Blunt trauma abdomen

BLUNT TRAUMA ABDOMEN

Etiology

Vehicular trauma: Auto-to-auto and auto-to-pedestrian collisions 50-75% of cases.
Falls and industrial or recreational accidents.

Iatrogenic trauma during cardiopulmonary resuscitation, manual thrusts to clear an airway, and the Heimlich maneuver.

Signs and symptoms

Pain

Tenderness

Gastrointestinal hemorrhage

Hypovolemia

Evidence of peritoneal irritation

Large amounts of blood can accumulate in the peritoneal and pelvic cavities without any significant or early changes in the physical examination findings.

Bradycardia may indicate the presence of free intraperitoneal blood.
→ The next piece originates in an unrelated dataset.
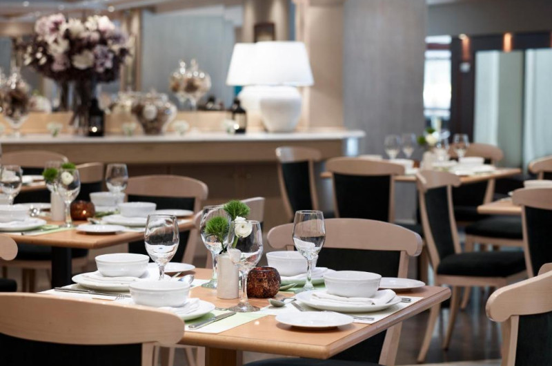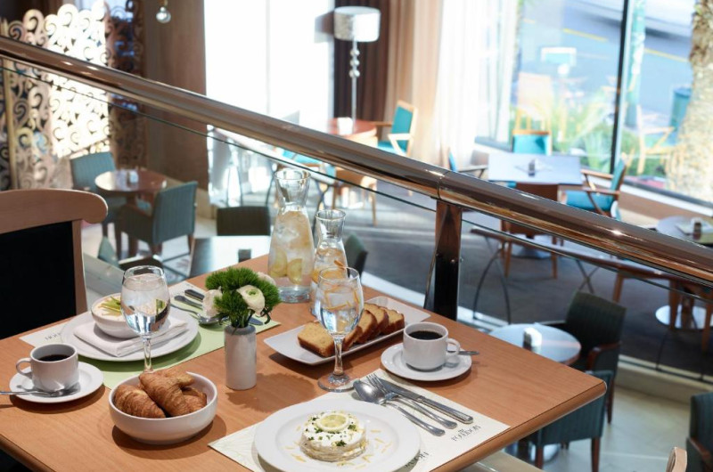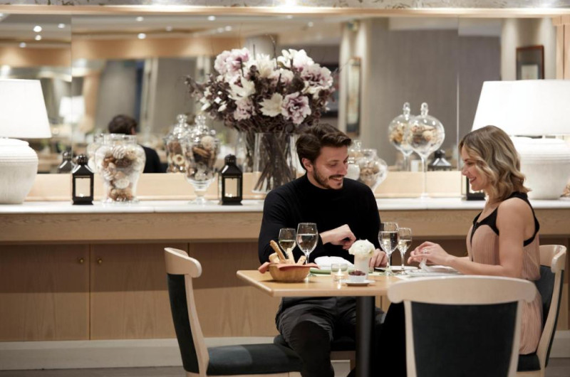 Restaurantul elegant Ellinikon servește mancăruri mediteraneene pregătite cu ingrediente proaspete, de calitate. Elegantul lounge bar Jason poate găzdui intalniri de afaceri sau de agrement. Oaspeții pot să savureze gustări, cocktail-uri și deserturi la patiseria hotelului.

Lap belt marks: Correlate with small intestine rupture

Steering wheel–shaped contusions

Ecchymosis involving the flanks (Grey Turner sign) or the umbilicus (Cullen sign): Indicates retroperitoneal hemorrhage, but is usually delayed for several hours to days

Abdominal distention

Auscultation of bowel sounds in the thorax: May indicate a diaphragmatic injury

Abdominal bruit: May indicate underlying vascular disease or traumatic arteriovenous fistula

Local or generalized tenderness, guarding, rigidity, or rebound tenderness: Suggests peritoneal injury

Fullness and doughy consistency on palpation: May indicate intra-abdominal hemorrhage

Crepitation or instability of the lower thoracic cage: Indicates the potential for splenic or hepatic injuries

DIAGNOSIS:

Assessment of hemodynamic stability

In the hemodynamically unstable patient, a rapid evaluation for hemoperitoneum can be accomplished by means of diagnostic peritoneal lavage (DPL)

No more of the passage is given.